23 Environmental Rules Rolled Back in Trump’s First 100 Days

President Trump, with help from his administration and Republicans in Congress, has reversed course on nearly two dozen environmental rules, regulations and other Obama-era policies during his first 100 days in office.

Citing federal overreach and burdensome regulations, Mr. Trump has prioritized domestic fossil fuel interests and undone measures aimed at protecting the environment and limiting global warming.

OVERTURNED

1. Approved the Dakota Access pipeline. Feb. 7

WHO WANTED IT CHANGED? Republicans in Congress criticized President Barack Obama for delaying construction of the pipeline — which they argued would create jobs and stimulate the economy — after protests led by the Standing Rock Sioux Tribe. Mr. Trump ordered an expedited review of the pipeline, and the Army approved it.

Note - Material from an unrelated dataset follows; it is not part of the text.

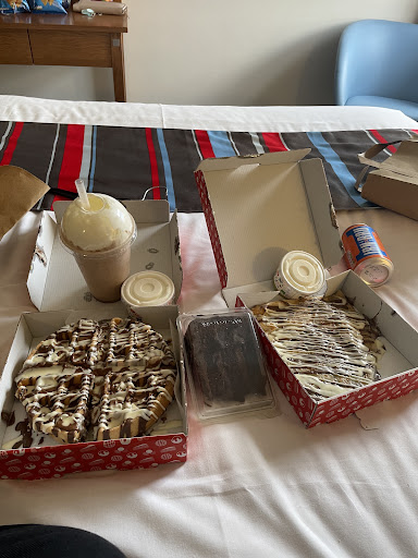 Read moreMe and my friend got the deal for 2 for £20 and I was shocked at how much you get for your money. It included 2 hot desserts, a piece of cake, a milkshake, and a soft drink. They were also doing an offer that when you spend £20 you got a choice of an item for free. We got kinder waffle and kinder crepe, a ferrero milkshake, chocolate cake, and a can of irn bru. All the food was soooooo good and excellent value for money. Only down side was our Tango Ice Blast that we chose for our free item never arrived. I would still recommend this place...

2. Revoked a rule that prevented coal mining companies from dumping debris into local streams. Feb. 16

WHO WANTED IT CHANGED? The coal industry said the rule was overly burdensome, calling it part of the war on coal. Congress passed a bill revoking the rule, which Mr. Trump signed into law.

3. Canceled a requirement for reporting methane emissions. March 2

WHO WANTED IT CHANGED? Republican officials from 11 states wrote a letter to Scott Pruitt, the administrator of the Environmental Protection Agency, saying the rule added costs and paperwork for oil and gas companies. The next day, Mr. Pruitt revoked the rule.

4. Approved the Keystone XL pipeline. March 24

WHO WANTED IT CHANGED? Republicans, along with oil, gas and steel industry groups, opposed Mr. Obama’s decision to block the pipeline, arguing that the project would create jobs and support North American energy independence. After the pipeline company reapplied for a permit, the Trump administration approved it.

5. Revoked an update to public land use planningprocess. March 27

WHO WANTED IT CHANGED? Republicans and fossil fuel industry groups opposed the updated planning rule for public lands, arguing that it gave the federal government too much power at the expense of local and business interests. Congress passed a bill revoking the rule, which Mr. Trump signed into law.